The why (2026 trends)
Micro apps — small, single‑purpose applications that the creator uses themselves or shares with a few people — keep growing in 2025–2026. People like Rebecca Yu built dining apps (Where2Eat) quickly using Claude and ChatGPT to generate multi‑step UX flows without heavy backend investment. Anthropic’s Cowork (late 2025 / early 2026 previews) lowered the barrier for desktop AI agents; teams are pairing this with low-latency hardware like edge‑first laptops and local inference for better responsiveness.

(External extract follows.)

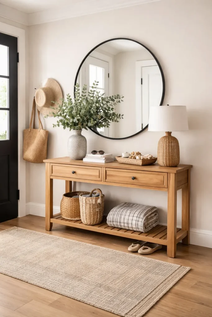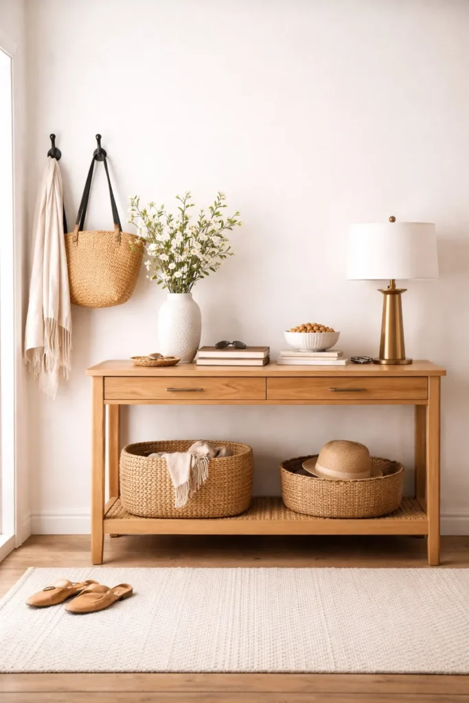 An entryway table creates a defined place for everyday items without taking up too much room. Slim designs work best, offering function without blocking movement.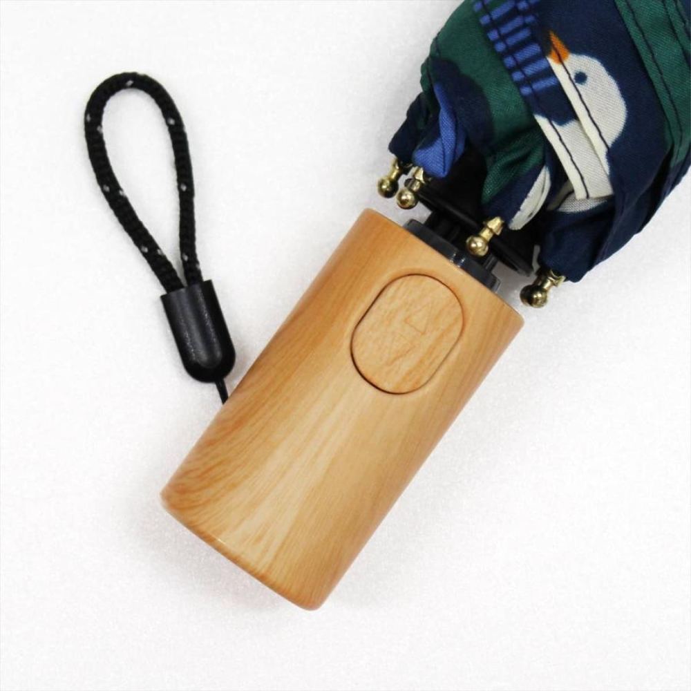 深い森の木々の中に白いとりが隠れている、騙し絵のようなデザインです。木々のグリーンととりのホワイトのコントラストが鮮やかで、とりのさえずりが聞こえてきそうな楽しい傘になりました。ケースやベルト部分のブランドネームがモダンでスタイリッシュです。ハンドル部分のボタンをワンプッシュで自動に開閉する自動開閉傘なので、片手が塞がっている時や雨の日の車の乗降時に便利です。手を離しても戻ることなくシャフトの伸縮が止まるので、安全に使うことが出来ます。ハンドル部分の木目プリントが、ナチュラルな佇まいです。親骨58cmサイズは、男性にも女性にも使いやすいサイズ感で、年齢性別問わずお使い頂けます。紫外線防止加工を施しているので、遮蔽率が全色90%以上あり、「晴雨兼用傘」として雨の日も晴れの日もオールシーズンお使いいただけます。

This moment means your teams should standardize a fast, secure integration pattern so micro apps ship quickly but safely.
What you’ll get
- Reusable Web Component chatbot that works in React, Vue, and plain HTML
- Server proxy patterns to protect API keys and support both Claude and ChatGPT
- Modular prompt templates for micro apps (dining recommender example)
- Streaming and non‑streaming examples, accessibility, caching, and latency tips
Architecture overview
- Client Web Component: exposes a small API and events; responsible for UI, ARIA, and local state.
- Server Proxy: signs requests to OpenAI/Anthropic, rate limits, strips sensitive data, and returns streaming tokens or completed responses.
- Prompt Templates: JSON+/JS modules with slots and validators to compose messages for either provider.
- Adapters: provider-specific plumbing that maps your prompt template to the provider's API shape.
Security & policy first
Never embed API keys in the browser. Use a server proxy with strict CORS, per‑user rate limits, and monitoring. Also add content filters and conservative default prompt constraints for user‑generated content — Claude and ChatGPT may return sensitive or hallucinated information if prompts encourage it.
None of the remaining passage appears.